Thomson Reuters, a multinational media and information corporation which employs 60,000 worldwide with a yearly revenue of more than $12 billion, is sponsoring a three day HackETHon to be held from the 9th to the 11th of September 2016.

The event is focused on Ethereum based smart contracts with challenges and prizes for data-driven smart contracts and for improving Ethereum smart contract security.

The impressive list of partners includes Barclays, one of the biggest global banks, Innovate UK, an executive non-departmental public body sponsored by UK’s Department for Business, Innovation & Skills, Coinsilium, a blockchain tech investment and development company, as well as academic partners from two of UK’s and the world’s top universities of UCL and Imperial College.

On the judging panel are Prof. Will Knottenbelt, Head of Cryptocurrency Research Group at Imperial College and Prof. Tomaso Aste, Director of Centre of Blockchain Technologies at UCL together with Péter Szilágyi, Core Developer at Ethereum Foundation, who recently distinguished himself for his work on Ethereum’s successful hardfork, as well as Tim Baker, Global Head of Content Strategy and Innovation at Thomson Reuters and Thomas Bertani, Founder & CEO at Oraclize , a new company that enables smart contracts to access the internet by “provid[ing] them with an interface to any data-feed on the Internet.“

IoT and Financial Smart Contracts

Connecting smart contracts to data science is one of the first steps towards opening up a new world of opportunities, especially for IoT, which, in connection with cloud computing, wireless sensors and physical objects such as small computer chips, promises to give inanimate objects a highly primitive level of intelligence.

In the shorter term, the addition of data analytics to smart contracts allows for self-enforcing financial contracts, such as futures or options agreements which self-execute without an intermediary.

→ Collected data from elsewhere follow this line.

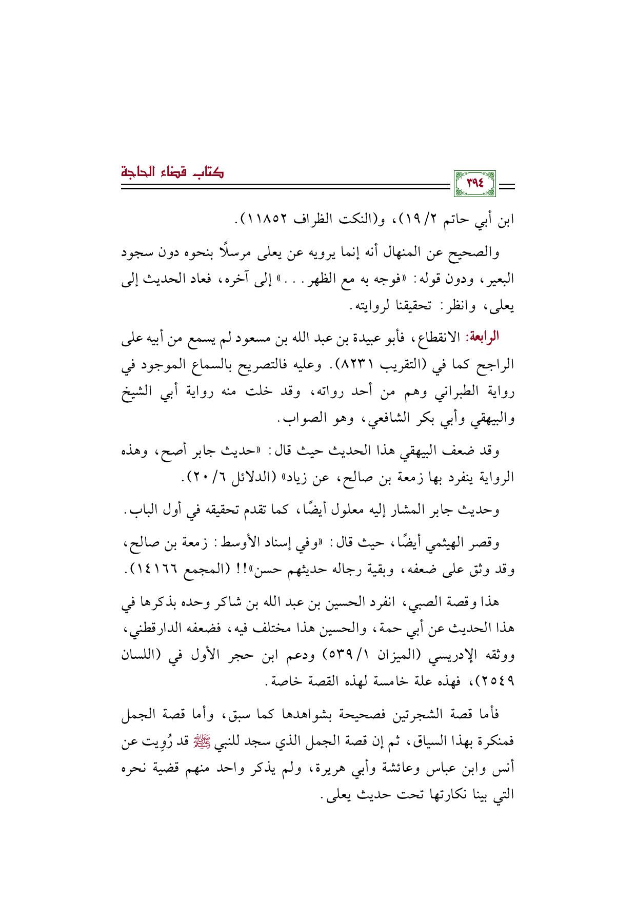 الرابعة: الانقطاع، فأبو عبيدة بن عبد الله بن مسعود لم يسمع من أبيه على الراجح كما في (التقريب ٨٢٣١). وعليه فالتصريح بالسماع الموجود في رواية الطبراني وهم من أحد رواته، وقد خلت منه رواية أبي الشيخ والبيهقي وأبي بكر الشافعي، وهو الصواب.
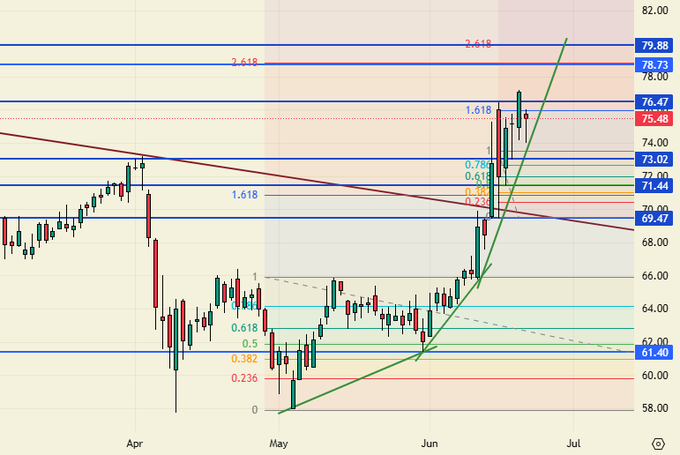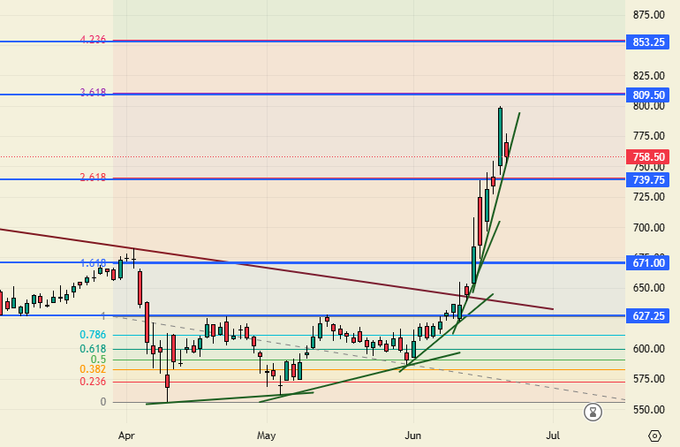 Сценарий роста: рассматриваем августовский фьючерс, дата экспирации 31 июля. Улетели наверх. Могут ли вернуться? Только если Иран сдастся, а это сейчас вряд ли возможно. Удобных уровней на покупку нет.
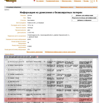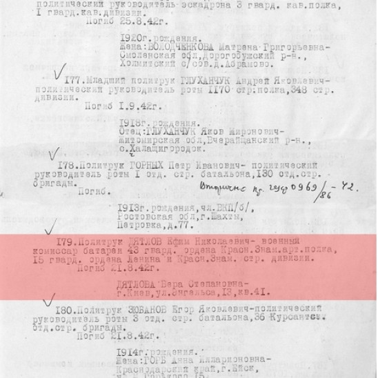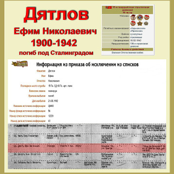 Мой двоюродный дед по матери, ст.лейтенант, Дятлов Ефим Николаевич. Родился в г. Бровары Киевской области. До войны проживал с семьёй на улице Лютеранской в Киеве. С началом Великой Отечественной войны служил политруком, военным комиссаром батареи 43 гвардейской, ордена Красного Знамени, артиллерийского полка, 15 гвардейской, ордена Ленина и Красного Знамени, стрелковой дивизии. Погиб в августе 1942 года в ходе оборонительного сражения Сталинградской битвы на рубежах совхоза Приволжский у села Дубовый Овраг, в 30 км от Сталинграда. Похоронен в братской могиле в этом селе. Малолетний сын его пропал без вести при эвакуации. Все данные обнаружены мною на сайте "Мемориал" в 2015году. Фотографии утеряны.
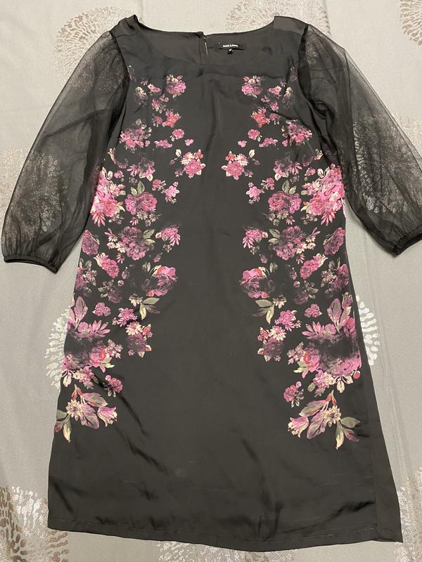 гарне плаття,збоку є замочок,по тканині 100 процентів поліестер,з вигляду як атласне,рукави фатінові четвертні
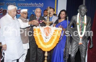 Photo Caption : Former Justice MN Venkatachalaiah seen interacting with Minister HK Patil and Ho Srinivasaiah and others inaugurating the 48th Engineers Day program at Gandhi Bhavan, in Bengaluru on Tuesday 15th September 2015
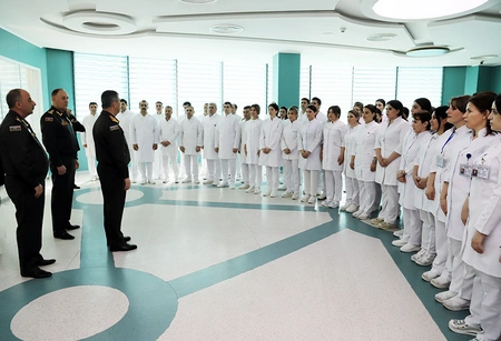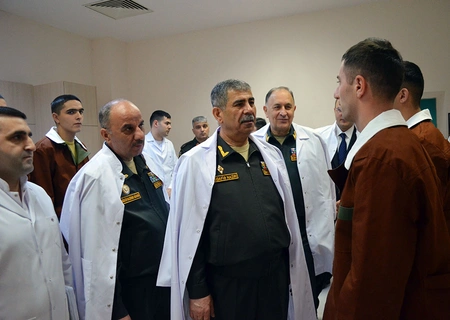 Генерал-полковник З.Гасанов поздравил медицинских работников с праздником и дал поручения по совершенствованию и еще более качественной организации услуг, оказываемых проходящим обследование и лечение военнослужащим.
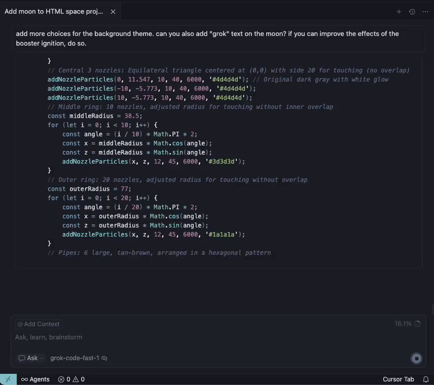 网友认为,Grok Code的一次性输出的代码量最丰富,在如下星舰模拟演示中,效果着实令人惊艳。
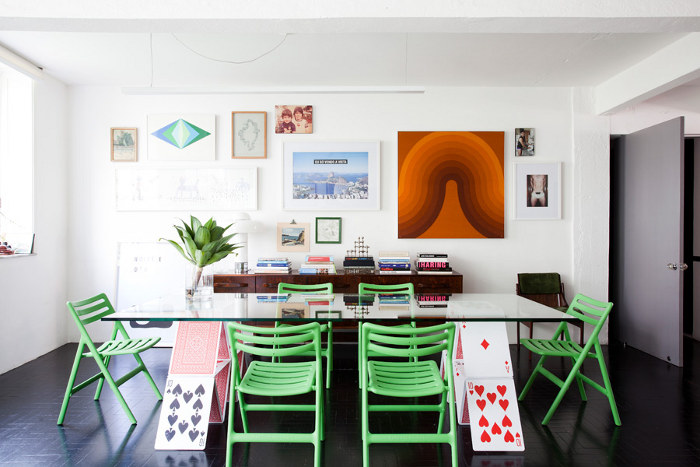 So many fun elements here- like the dining table base and the grouping of tables in the living area. The colors make it even more fun.
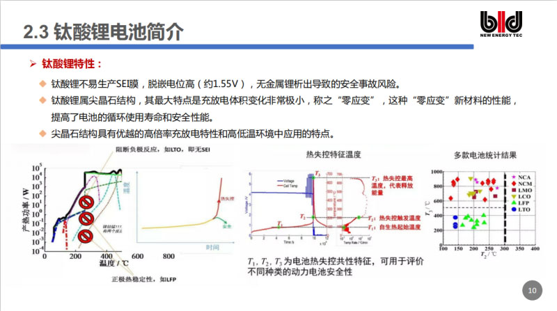 大家都在說鈦酸鋰為什么安全。材料本身來講非常安全。我們負(fù)極采用的是鈦酸鋰,鈦酸鋰的脫嵌電位高約1.55V,不易生產(chǎn)SEI膜,沒有金屬鋰析出導(dǎo)致的安全風(fēng)險(xiǎn)。鈦酸鋰屬于尖晶石結(jié)構(gòu),充放電過程中晶體結(jié)構(gòu)的體積變化非常小。一般來說,因?yàn)槲覀冇蠸EI膜,所以在我電池風(fēng)險(xiǎn)控制鏈條反應(yīng)中,SEI膜和負(fù)極反應(yīng)不存在,引發(fā)的安全風(fēng)險(xiǎn)性就非常小。這個(gè)圖就是通過加速測試來測得的,我們發(fā)生各種電池的熱失控觸發(fā)溫度、熱失控的最高溫度,可以看到鈦酸鋰的溫度是非常低的,它也是非常安全的。

A farmer, for example, can hedge his produce by entering into a smart contract futures agreement dependent on x price taken from the smart contract’s underlying data analytics capabilities. If the conditions are met, payment would transfer automatically and since the farmer has a physical presence there would be readily available recourse through the legal system if the produce is not transferred.

Initially, however, such capabilities would probably find more use in transactions where goods or services are digital as both payment and transfer would be automatic. At scale and dependent on the nature of the agreement, such automatic activity could save billions in time and human resources,

How these new capabilities will be implemented in practice with an easy to use interface is yet to be seen, but the hackethon provides an opportunity for anyone who wants to try these and countless of other potential uses of data driven smart contracts.